29 Nov 2021 | Michael Janner, Justin Fu, Marvin Zhang, Sergey Levine
This paper presents a model-based policy optimization (MBPO) algorithm that effectively uses predictive models to improve policy learning in reinforcement learning. The authors analyze the role of model usage in policy optimization both theoretically and empirically. They propose an algorithm that uses short model-generated rollouts branched from real data, which allows for more efficient learning compared to traditional model-based methods. The algorithm is shown to surpass the sample efficiency of prior model-based methods, match the asymptotic performance of the best model-free algorithms, and scale to long horizons that cause other model-based methods to fail.
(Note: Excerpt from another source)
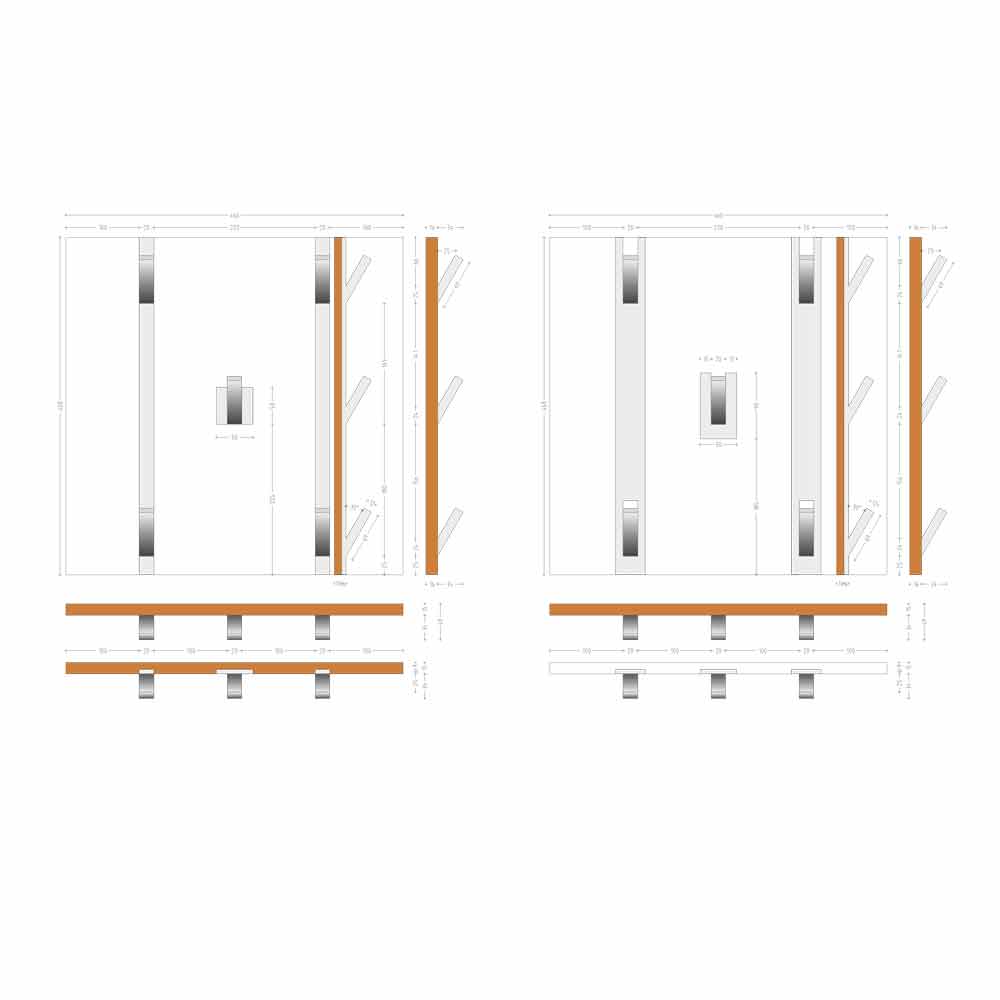 panou de perete din lemn de tec cu 5 umerașe de corian alb constituie un

The paper addresses the challenge of balancing the ease of data generation with the bias of model-generated data. The authors show that an empirical estimate of model generalization can be incorporated into the analysis to justify model usage. They demonstrate that a simple procedure of using short model-generated rollouts branched from real data has the benefits of more complicated model-based algorithms without the usual pitfalls. This approach surpasses the sample efficiency of prior model-based methods, matches the asymptotic performance of the best model-free algorithms, and scales to horizons that cause other model-based methods to fail entirely.
The authors also show that MBPO does not suffer from the same pitfalls as prior model-based approaches, avoiding model exploitation and failure on long-horizon tasks. They empirically investigate different strategies for model usage, supporting the conclusion that careful use of short model-based rollouts provides the most benefit to a reinforcement learning algorithm.
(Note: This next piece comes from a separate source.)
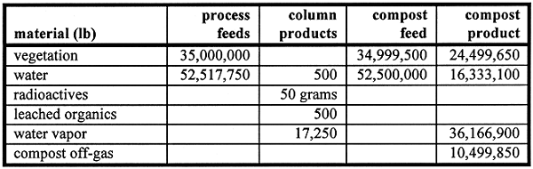A material balance performed for the process is provided below in Table I. Column products are those flows that are not passed on to the composter. Water vapor refers to that water that is boiled off the vessel for volume reduction prior to the final waste product drumming, or is lost to the atmosphere in composting.

The paper also discusses related work in model-based reinforcement learning, including Gaussian processes, time-varying linear dynamical systems, and neural network predictive models. The authors compare their approach to other model-based and model-free methods, showing that MBPO performs well on benchmark reinforcement learning tasks. They find that MBPO learns substantially faster than prior model-free methods, while attaining comparable final performance. For example, MBPO's performance on the Ant task at 300 thousand steps is the same as that of SAC at 3 million steps. On Hopper and Walker2d, MBPO requires the equivalent of 14 and 40 minutes, respectively, of simulation time if the simulator were running in real time. More crucially, MBPO learns on some of the higher-dimensional tasks, such as Ant, which pose problems for purely model-based approaches such as PETS.This paper presents a model-based policy optimization (MBPO) algorithm that effectively uses predictive models to improve policy learning in reinforcement learning. The authors analyze the role of model usage in policy optimization both theoretically and empirically. They propose an algorithm that uses short model-generated rollouts branched from real data, which allows for more efficient learning compared to traditional model-based methods. The algorithm is shown to surpass the sample efficiency of prior model-based methods, match the asymptotic performance of the best model-free algorithms, and scale to long horizons that cause other model-based methods to fail.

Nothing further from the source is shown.